Exercise details
Please retype exactly the lines from the one containing "A propos de" through the end of the records, leaving out the pictures.

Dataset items
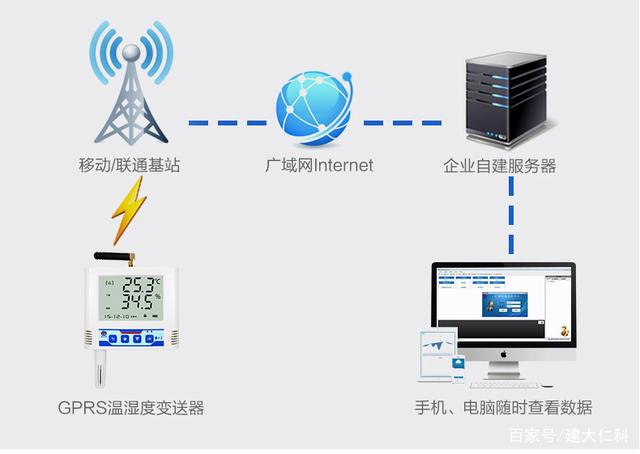 基于GPRS傳輸?shù)臏貪穸葌鞲衅,只需一張移動或?lián)通的SIM卡,就可以通過網(wǎng)絡基站將采集的溫濕度數(shù)據(jù)上傳到服務器,GPRS通訊月流量小于30M。
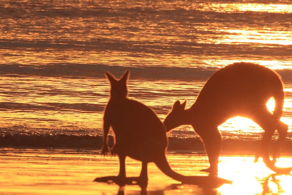 A propos de "kangourou sur la plage au lever du soleil, mackay, queensland du nord, australie"
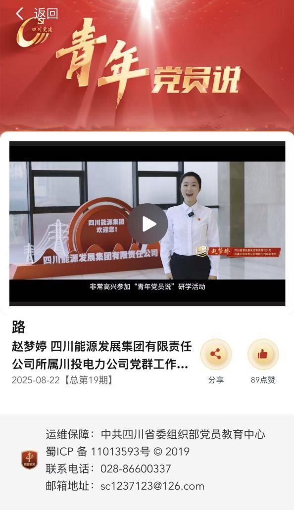 近期,四川省委組織部舉辦的“青年黨員說”研學活動正在四川黨建官網(wǎng)等平臺集中展播。省國資委黨委共推薦10名青年黨員代表圍繞“學習新思想,爭當改革先鋒”為主題,談體會、談感悟。其中,由四川能源發(fā)展集團上報、川投能源推薦的作品《路》,通過講述“兩路”精神的歷史內(nèi)涵,結合川投電力腳基坪電廠震后緊急搶險、天彭電力鳳鳴湖水庫飲水廊道清淤、玉田電廠為涼山州彝族村民送水送電等鮮活事例,展現(xiàn)能源人在逆行搶險、為民服務和民族團結中的責任擔當,號召新時代國企人賡續(xù)“兩路”精神,汲取奮進力量,展現(xiàn)了能源國企的使命擔當。
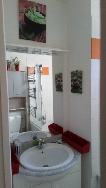 Cuisine équipée tout confort avec plaques induction, grand frigo et congélateur, lave linge et sèche linge.
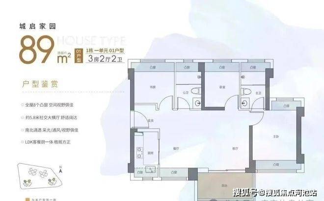 1单元06户型89㎡三房两卫,总价228-270万
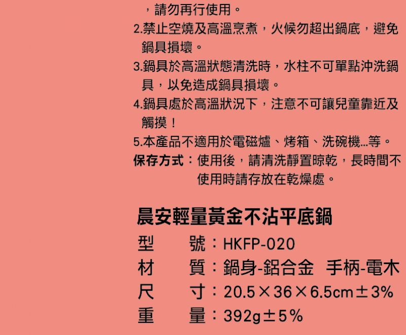 20cm晨安輕量黃金不沾平底鍋

Result of this exercise
 A propos de "kangourou sur la plage au lever du soleil, mackay, queensland du nord, australie"
 近期,四川省委組織部舉辦的“青年黨員說”研學活動正在四川黨建官網(wǎng)等平臺集中展播。省國資委黨委共推薦10名青年黨員代表圍繞“學習新思想,爭當改革先鋒”為主題,談體會、談感悟。其中,由四川能源發(fā)展集團上報、川投能源推薦的作品《路》,通過講述“兩路”精神的歷史內(nèi)涵,結合川投電力腳基坪電廠震后緊急搶險、天彭電力鳳鳴湖水庫飲水廊道清淤、玉田電廠為涼山州彝族村民送水送電等鮮活事例,展現(xiàn)能源人在逆行搶險、為民服務和民族團結中的責任擔當,號召新時代國企人賡續(xù)“兩路”精神,汲取奮進力量,展現(xiàn)了能源國企的使命擔當。
 Cuisine équipée tout confort avec plaques induction, grand frigo et congélateur, lave linge et sèche linge.
 1单元06户型89㎡三房两卫,总价228-270万
 20cm晨安輕量黃金不沾平底鍋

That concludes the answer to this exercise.